Research shows women are more likely to have high blood pressure and experts blame the added stress of unequal gender roles.
Reducing daily salt intake to less than a teaspoon a day can save South Africa R300-million in the treatment and consequences of hypertension, said deputy minister of health Gwen Ramokgopa at the Heart and Stroke Foundation's Salt Summit in Sandton, Johannesburg on Thursday.
High salt intake is one of the risk factors of hypertension, a condition affecting an estimated 6.3-million people in South Africa, one of the highest rates in the world.
"In South Africa high blood pressure and heart disease account for 9% of all deaths in adults over 30," said Ramokgopa. "Eighty percent of non-communicable disease [such as hypertension] is preventable."
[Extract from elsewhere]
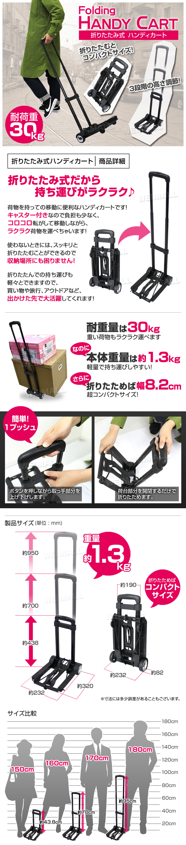 | キャスターが付いているのでコロコロ転がして荷物を運べちゃいます♪ 耐荷重30kgの頼れるタイプ。さらにハンドルの高さは3段階調節が可能! ゴムハンドル付きで荷物もしっかり固定できます。 使用しない時は折り畳めるので場所もとりません! クーラーボックスや灯油タンク、雑誌・新聞を一度運ぶなど重たい荷物をラクラク移動できるキャリーカートです。 キャスターが付いているのでコロコロ転がして荷物を運べちゃいます♪ 耐荷重30kgの頼れるタイプ。さらにハンドルの高さは3段階調節が可能! ゴムハンドル付きで荷物もしっかり固定できます。 使用しない時は折り畳めるので場所もとりません! 重量は約1300gととても軽いので女性でも軽々と持ち上げれます。 車に積めるコンパクトタイプ! 使い方もいろいろ!一家にひとつあると重宝すること間違いなしです! ■商品仕様■ サイズ(約):幅232×奥行320×高さ950mm(ハンドルを最大に伸ばした時) サイズ(約):幅232×奥行82×高さ438mm(折りたたみ時) ハンドル高さ(約):438mm/700mm/950mm 重量(約):1.3kg 耐荷重:30kg 材質:ポリプロピレン、スチール ※仕様・デザインは改良のため予告なく変更することがあります。 【もちろん新品未使用品です】 ▼検索キーワード キャリーカート カート 折りたたみ キャリー 軽量 ハンドキャリー 折りたたみ式キャリーカート アウトドア キャンプ用品 便利グッズ スポーツ レジャー グッズ バーベキュー お買い物 折り畳み アルミ クーラーボックス 人気 おすすめ |

The Heart and Stroke foundation estimates that currently South Africans consume 40g of salt a day, which government aims to reduce through legislation to the World Health Organisation recommended 5g a day by the year 2020.
According to Ramokgopa, such legislation will help reduce the country's disease burden, something which the national treasury will benefit most from as non-communicable diseases have become more prominent in the younger, working population.
"Savings include the cost of providing chronic health care to patients with high blood pressure, savings from loss of productivity as hypertension and other chronic diseases are now more common in the younger, economically active population and long-term savings in the rehabilitation of people who suffered from strokes," said Ramokgopa
South Africa became the first country to legislate salt content in a wide range of processed food last year, a move which national health department's director for non-communicable diseases, Melvyn Freeman, says is important to reach a large segment of the population as almost 60% of the salt consumed by South Africans is already contained in food and not added during meals.
Ramokgopa said the food industry has more than doubled salt content over the past 20 years.
She believed that the government's salt reduction strategy will be as effective the country's tobacco controls and that the government's National Health Insurance Scheme will benefit from it. "In order to provide good quality healthcare we need fewer people requiring those services."